The subsequent conquest by the Mysore Sultans also figured in the arguments – One went thus - The dominion of the Zamorin was overrun by Tipu Sultan, who converted many a Nayar to Islam. The Rajah of Chirakkal then issued an order that no woman should cross the Korapuzha, lest she be converted, and that no man of South Malabar should be admitted to a North Malabar family on the belief that all in South Malabar (including the Zamorin) had become converts to Islam!

The conclusions after the involvement of all the representing nobles (my Great Great grandfather Vidwan Ettan Thamburan, included) and educated men of that time, was as you can imagine, inconclusive. If you are interested in hearing what my ancestor (who became the Zamorin only a few years after the interview) had to say, well he was a deeply religious person who believed in the caste system and furthermore, the Bhagavad Gita. A very conservative and caste bound men, he said…

There exists no absolute objection to a Nayar woman of North Malabar going South of Korapuzha. 
The causes which led to this prohibition appear to me to have been:
(1) The restrictions laid down by the two Rajahs (Zamorin and Kolathiri)
(2) If the women were allowed to travel as freely as they pleased, they would enter into all sorts of connections forbidden by caste regulations and customary usage, which would undermine caste observances, and would remove caste distinctions, so much so that all classes would be reduced to the same level, and lead to other similar evils. It is clear from the following quotation from Bhagavatgitha that if the women fall and become degenerated it would be productive of enormous evil…

"0 ! Krishna! From the increase of vice (even) family (chaste) women become sinners. 0! Descendant of Yrishni (Krishna)! When women are bitten ("corrupted) confusion of castes is the result. The wages of this confusion will be hell even to the race of such as destroy the purity of families, for their forefathers will sink into hell, being deprived of Pinda (funeral cake), TJdagam (holy water) and Kriya (funeral rites).
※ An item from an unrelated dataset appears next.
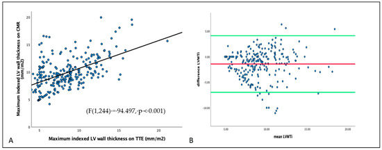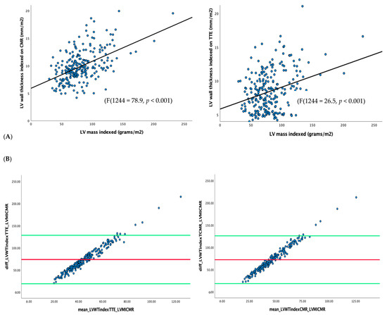 Correlation between LV mass measured from CMR and LV maximum thickness derived from CMR (Panel (A)) and TTE (Panel (B)). Bland–Altman plot: (A): mean = 73.5, 95% CI = 18.7–128.2, p < 0.001. (B): mean = 72.0, 95% CI = 18.3–125.8, p < 0.001.

By these vices of the destroyers of families, which produce mixtures of castes, the long established religious observances of castes and of families are up-rooted."

The Malabar marriage act of 1896 was eventually enacted, though it did not quite make an impact.The first man in North Malabar, who tried ineffectually to break through the custom was the late Kuvukal Kelu Nayar, a late Sub-Judge of South Malabar. His son Kunhi Raman Nayar, who was also Sub-Judge of Calicut, too, failed in his attempt to take his wife to Calicut.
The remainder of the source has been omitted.